Online learning-based mutually-aided state estimation and forecasting for PV

Traditional photovoltaic (PV) forecasting algorithms rely heavily on historical generation data or physical models, both of which are frequently unavailable or unreliable in practice. This paper addresses this challenge by proposing an online learning-based mutually-aided state estimation and forecasting (MASEF) algorithm, which integrates state estimation (SE) and PV forecasting into a coupled stochastic system and operates effectively without site-specific historical PV generation data or physical models. Inspired by the Kalman filter (KF), a mutually-aided online learning loop is established in the MASEF algorithm: a Bayesian neural network (BNN) approximates PV generation (prediction stage), which allows SE to refine the system state (update stage). These estimates are then fed back to the forecaster for online learning.
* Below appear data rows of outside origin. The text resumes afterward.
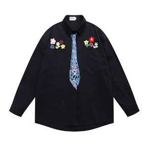 ニッチグラフィティ手描きネクタイ長袖シャツメンズアメリカンレトロ秋オールマッチルーズカジュアルシャツジャケット
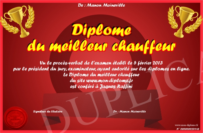 Envoyez par email votre Diplôme du meilleur chauffeur personalisé
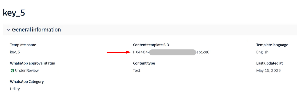 To copy a template's SID from Twilio, open the «Messaging → Content Template Builder» section and click on the desired template. In the window, you will see the SID for that template:
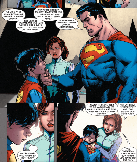 Luego de arribar en la Bat-Cave, Superman trata de explicarle a Jon que no debe exponerse demasiado; en respuesta a esto, Lois reprende a Clark por su actitud sobreprotectora alegando lo siguiente:
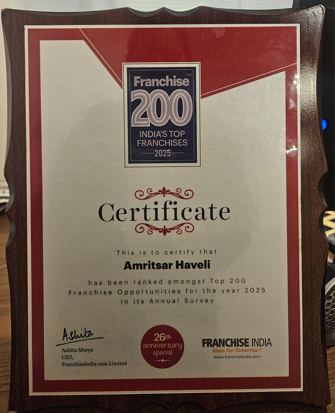 Amritsar Haveli ranked among India’s top 200 franchise opportunities in 2025 by Franchise India organization.
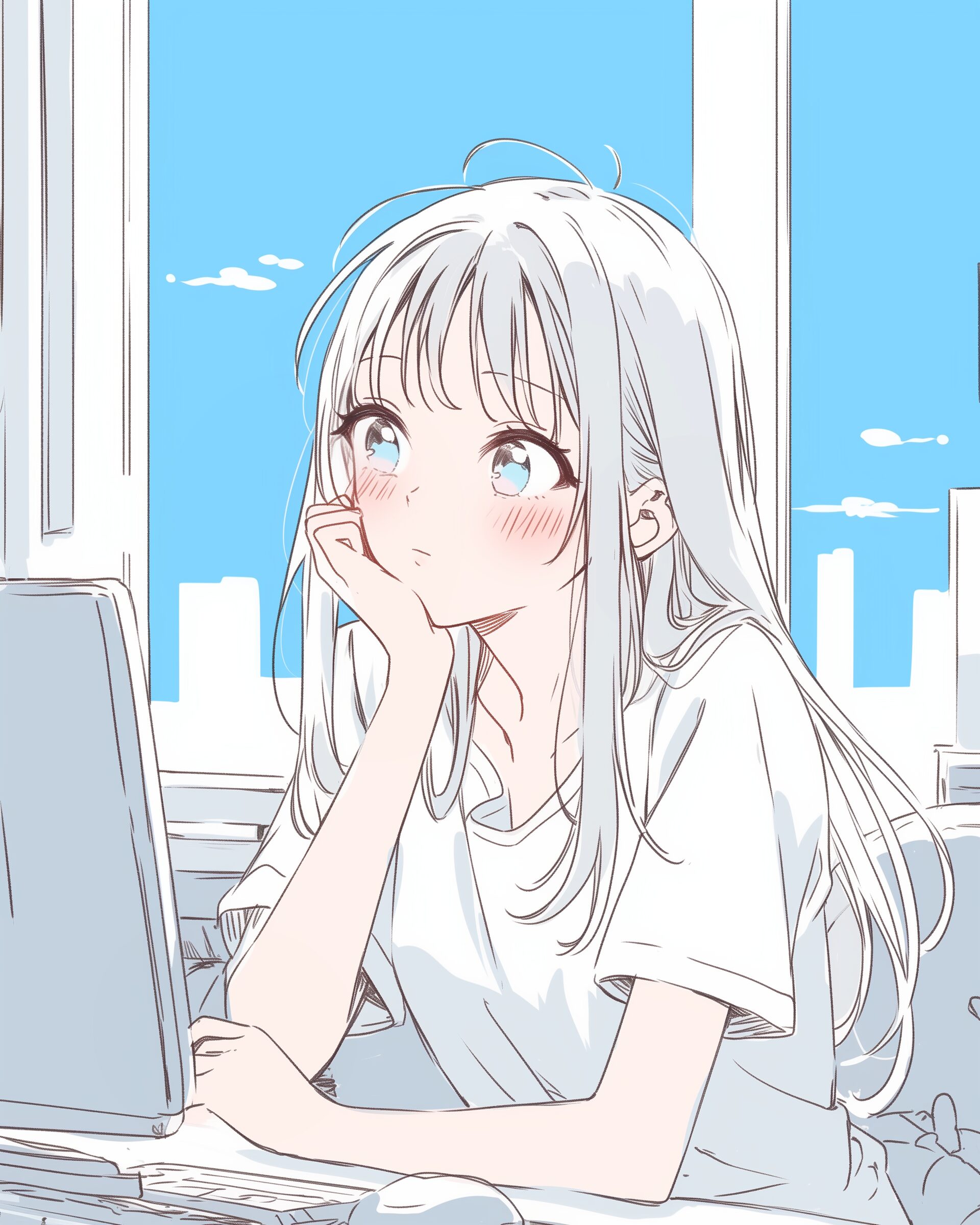 検索タグ:イラスト、ファッション、キャラクター、女性、女、女の子、女子、女の人、アニメ、漫画、マンガ、美人、美女、若い、かわいい、可愛い、カワイイ、人物、顔、美しい、綺麗、きれい、キレイ、アート、お洒落、挿絵、インスタ、Instagram、AI生成画像、fashion、コピースペース、銀髪、パソコン、仕事、YouTube、ユーチューブ、視聴、PC
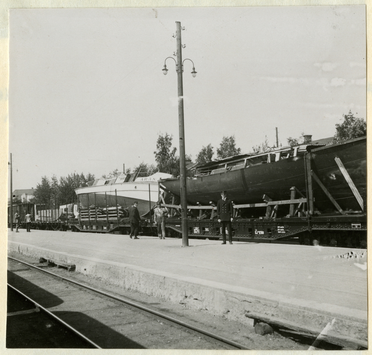 Östersund station. Statens Järnvägar, SJ. En fartygstransport till Storuman passerar Östersund 1923.
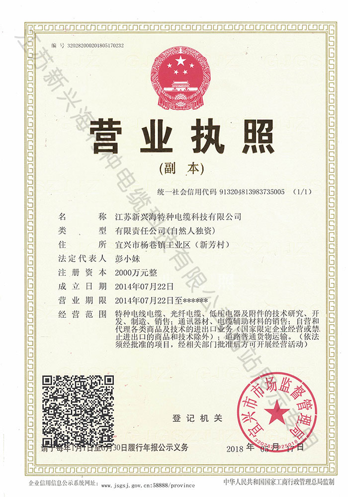 江蘇新興海特種電纜科技有限公司
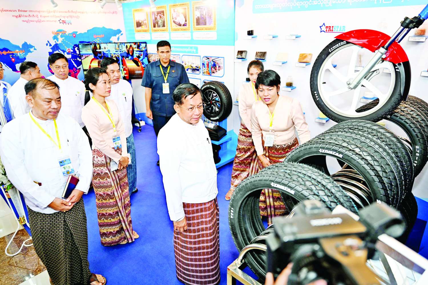 ယင်းနောက် နိုင်ငံတော်စီမံအုပ်ချုပ်ရေးကောင်စီ ဥက္ကဋ္ဌ နိုင်ငံတော်ဝန်ကြီးချုပ်နှင့် အခမ်းအနား တက်ရောက်လာကြသူများသည် စိုက်ပျိုးရေးဦးစီးဌာန မြန်မာ့ရော်ဘာစိုက်ပျိုးမှုဆိုင်ရာ ပြခန်းများ၊ ရော်ဘာစိုက်ပျိုးရေးခြံသုံး စက်ပစ္စည်းပြခန်းများ၊ ပြည်တွင်းမှ ထုတ်လုပ်ထားရှိသည့် ကားတာယာများ၊ စက်ဘီးနှင့် မော်တော်ဆိုင်ကယ်တာယာများ၊ ကျွတ်များနှင့် ရော်ဘာထုတ်ကုန် ပြခန်းများကို စိတ်ပါဝင်စားစွာ လှည့်လည် ကြည့်ရှုခဲ့ကြောင်း သိရသည်။
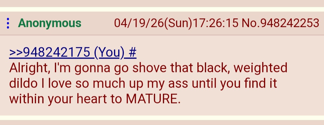 >>948358658Typical faggot response. Literally cannot comprehend a world outside of fetishized sex. Even their insults devolve to degenracy. It's sad to see people this fucking broken.

The BNN further enhances reliability by providing probabilistic outputs and quantifying uncertainty. The forecasted values serve as pseudo measurements, which are critical in scenarios with limited observability or noisy data. Case studies demonstrate that the MASEF algorithm achieves performance competitive with state-of-the-art algorithms even in the complete absence of PV generation data or physical models. Furthermore, the results confirm the robustness of the MASEF algorithm to measurement noise and parameter inaccuracies, highlighting its adaptability and practical applicability in diverse power grid environments.